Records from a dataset
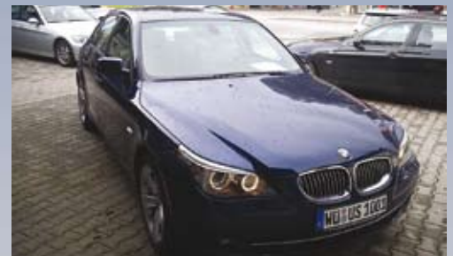
2009 BMW 528i Sedan (C118501)

640 miles, Deep Sea Blue metallic, Cream Beige Dakota leather, Dark Poplar wood trim, Steptronic Automatic, Premium Package, Sport Package, Cold Weather Package, Comfort Access, I POD Adapter (without cable), Navigation, Park Distance Control, Xenon Lights, etc.
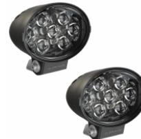
Part Number 0550693 12-24V ECE LED Auxiliary Light with Driving Beam - 2 Light Kit
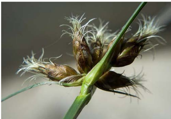
Fig. 2. Inflorescence of B. planiculmis with predominantly bifid styles.
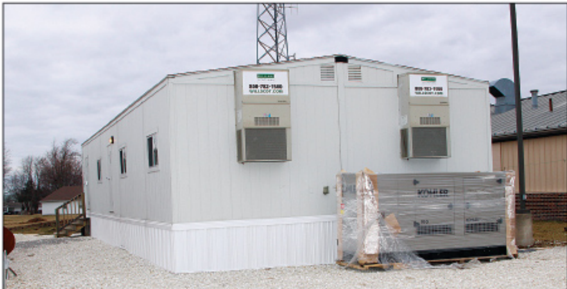
Operations for Pike County 911 will soon be housed completely in this trailer located directly behind the Pike County Sheriff's Department. For many years the operation was split with dispatchers operating out of the Sheriff's Department in addition to a satellite station in the Louisiana Police Department out of city hall. Voters recently opted to combine and vastly improve 911 operations. The trailer has been transformed to include a dispatch area with three stations, a training room, break room, conference room (where future 911 meetings will take place) and offices for the 911 director and an assistant. It is currently planned to have dispatchers moved into the trailer within the next month.

> **EXERCISE AIM**: Exactly as written, restate the lines above from the opening line through the one holding "Fig. 2. Inflorescence", omitting the pictures.

> **YOUR SOLUTION**:
2009 BMW 528i Sedan (C118501)

640 miles, Deep Sea Blue metallic, Cream Beige Dakota leather, Dark Poplar wood trim, Steptronic Automatic, Premium Package, Sport Package, Cold Weather Package, Comfort Access, I POD Adapter (without cable), Navigation, Park Distance Control, Xenon Lights, etc.
Part Number 0550693 12-24V ECE LED Auxiliary Light with Driving Beam - 2 Light Kit
Fig. 2. Inflorescence of B. planiculmis with predominantly bifid styles.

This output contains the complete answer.